Quality metrics¶

optunity.metrics.absolute_error(y, yhat)[source]

Returns the maximal absolute error between y and yhat.

Parameters: y – true function values yhat – predicted function values

Lower is better.

>>> absolute_error([0,1,2,3], [0,0,1,1])
2.0

optunity.metrics.accuracy(y, yhat)[source]

Returns the accuracy. Higher is better.

Parameters: y – true function values yhat – predicted function values
optunity.metrics.auc(curve)[source]

Computes the area under the specified curve.

Parameters: curve ([(x, y), ..]) – a curve, specified as a list of (x, y) tuples

optunity.score_functions.compute_curve()

optunity.metrics.brier(y, yhat, positive=True)[source]

Returns the Brier score between y and yhat.

Parameters: y – true function values yhat – predicted function values $\frac{1}{n} \sum_{i=1}^n \big[(\hat{y}-y)^2\big]$

yhat must be a vector of probabilities, e.g. elements in [0, 1]

Lower is better.

Note

This loss function should only be used for probabilistic models.

optunity.metrics.compute_curve(ys, decision_values, xfun, yfun, positive=True, presorted=False)[source]

Computes a curve based on contingency tables at different decision values.

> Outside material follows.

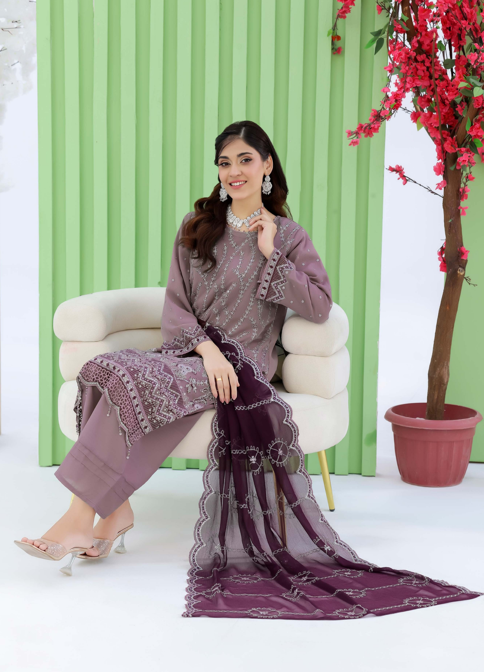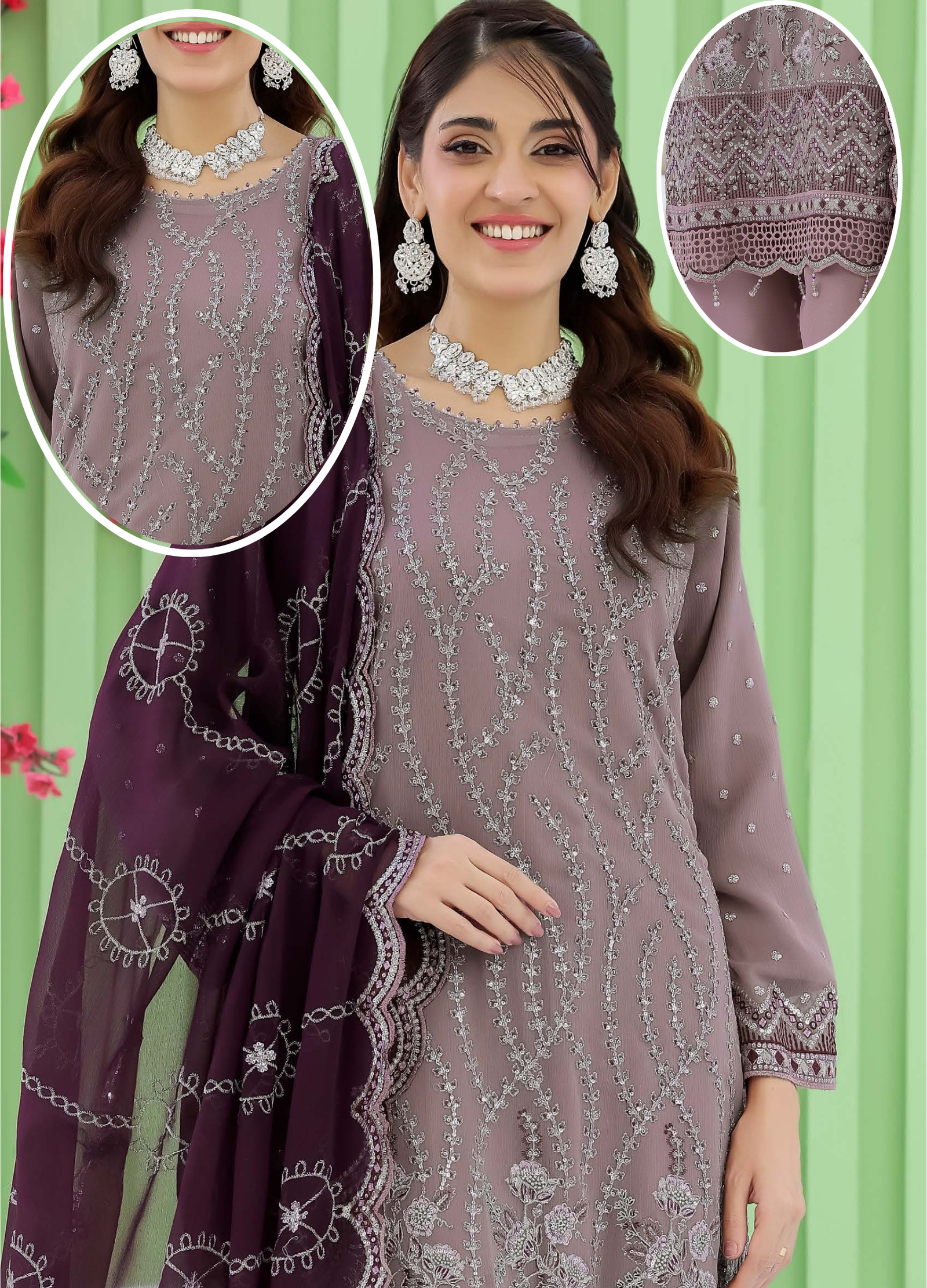 The Zaiqa – Premium Luxury Chiffon Collection offers a semi-stitched chiffon shirt and dupatta, both adorned with heavy luxury embroidery and stunning embellishments that catch the light beautifully. Whether you are attending a grand wedding or a formal festive dinner, the Zaiqa – Premium Luxury Chiffon Collection ensures you stand out with timeless sophistication and grace.

Parameters: ys (iterable) – true labels decision_values (iterable) – decision values positive – positive label xfun (callable) – function to compute x values, based on contingency tables yfun (callable) – function to compute y values, based on contingency tables presorted (bool) – whether or not ys and yhat are already sorted the resulting curve, as a list of (x, y)-tuples
optunity.metrics.contingency_table(ys, yhats, positive=True)[source]

Computes a contingency table for given predictions.

Parameters: ys (iterable) – true labels yhats (iterable) – predicted labels positive – the positive label TP, FP, TN, FN
>>> ys =    [True, True, True, True, True, False]
>>> yhats = [True, True, False, False, False, True]
>>> tab = contingency_table(ys, yhats, 1)
>>> print(tab)
(2, 1, 0, 3)

optunity.metrics.contingency_tables(ys, decision_values, positive=True, presorted=False)[source]

Computes contingency tables for every unique decision value.

Parameters: ys (iterable) – true labels decision_values (iterable) – decision values (higher = stronger positive) positive – the positive label presorted (bool) – whether or not ys and yhat are already sorted a list of contingency tables (TP, FP, TN, FN) and the corresponding thresholds.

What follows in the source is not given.